[cs-talks] Upcoming Seminar: Bev Woolf Talk on Thursday May 21 at 2:00 PM

Greenwald, Faith fgreen1 at bu.edu
Mon May 18 11:02:20 EDT 2015

Computer Vision for Teaching and Learning
Beverly Park Woolf
College of Computer Science, University of Massachusetts, Amherst, MA.
bev at cs.umass.edu<mailto:bev at cs.umass.edu>
Thursday, May 21, 2015
2:00pm in MCS 148

This talk explores the possibility of integrating computer vision techniques with online tutors to improve teaching and learning. Emotion is vital to learning and using technology to recognize students’ emotion while learning online has led to powerful performance results.
We have used sensors (conductance bracelet, pressure mouse, posture analysis seat and camera) to detect students' emotion.  Computational tutors dynamically collected data streams of students’ physiological activity and self-reports of emotions. Summaries of student physiological activity helped to predict more than 80% of the variance of students’ emotional states. Empirical studies show that students increase their math value, self-concept and mastery orientation once they receive support triggered by their detected emotion. Evidence indicates that fluctuating student emotions are also related to larger, longer-term affective variables such as self-concept.

We also used animated pedagogical agents to impact student motivation and achievement. We integrated controlled exploration of embodied agents’ communicative factors (facial expression, empathy, and mirroring postures) as they address human learning, interaction and relationship development. Students’ self-reports of emotions while using the learning companions showed increased levels of interest and confidence and reduced levels of boredom and frustration. This research also provides evidence that by modifying the “context” of tutoring systems, e.g., by personalizing instruction and by supporting emotion, tutors can optimize students’ emotion, attitude and learning.

We will explore the possibility of detecting student emotion and grit (e.g., perseverance, frustration, anxiety) by using modern computer vision work (e.g., detect body movement, hand gestures, nods, eyebrows and grins).  Based on detecting student emotion, tutors can use interventions to address negative emotion and provide improved learning.

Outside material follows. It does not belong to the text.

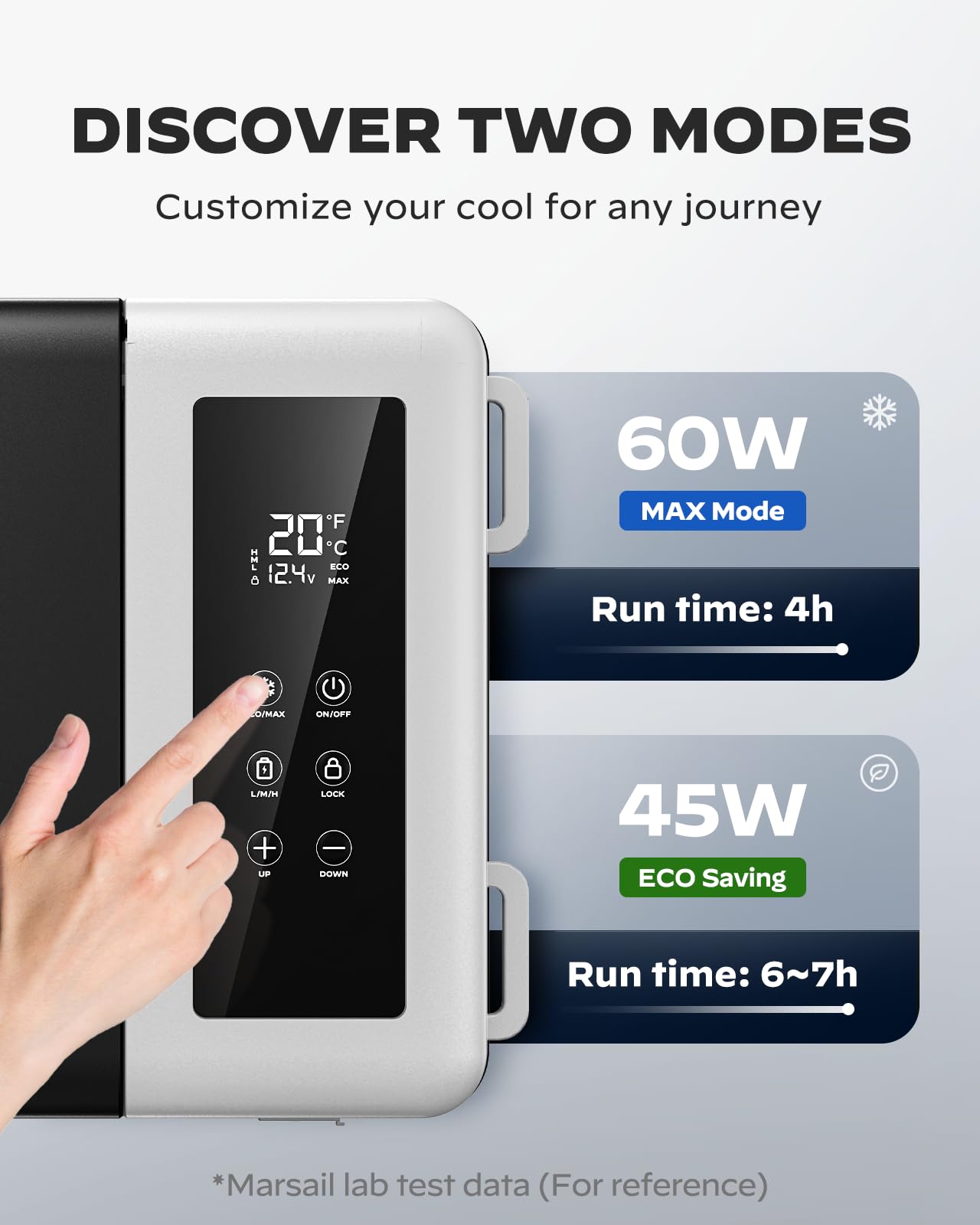 - Efficient Cooling with Compressor Technology:This car refrigerator uses advanced compressor technology to achieve fast cooling, keeping your food fresh or frozen without delay. With two cooling modes—MAX Mode (60W) for rapid cooling, it takes only 15 minutes to bring the temperature from 78°F to 32°F, and MIN Mode (45W) for long-lasting cooling with less power. Ideal for road trips, camping, and outdoor activities, this electric cooler is perfect for all your on-the-go cooling needs.

Beverly Park Woolf, Ph.D. is a Research Professor at the University of Massachusetts who develops intelligent tutors that model student affective and cognitive characteristics and combine cognitive analysis of learning with artificial intelligence, network technology and multimedia. These systems represent the knowledge taught, recognize which skills students have learned, use sensors and machine learning to model student affect, and adjust problems to help individual students. Tutors have been deployed in education and industry, in a variety of disciplines (e.g., chemistry, psychology, physics, geology, art history, mathematics and economics) and one is used by more than 100,000 students per semester across 100 colleges. Some of these tutors enable students to pass state standard exam at a higher rate (92%) as compared with students not using the tutor (76%).  Dr. Woolf published the book Building Intelligent Interactive Tutors along with over 200 articles; she has delivered keynote addresses, panels and tutorials in more than 20 foreign countries and is a fellow of the American Association of Artificial Intelligence.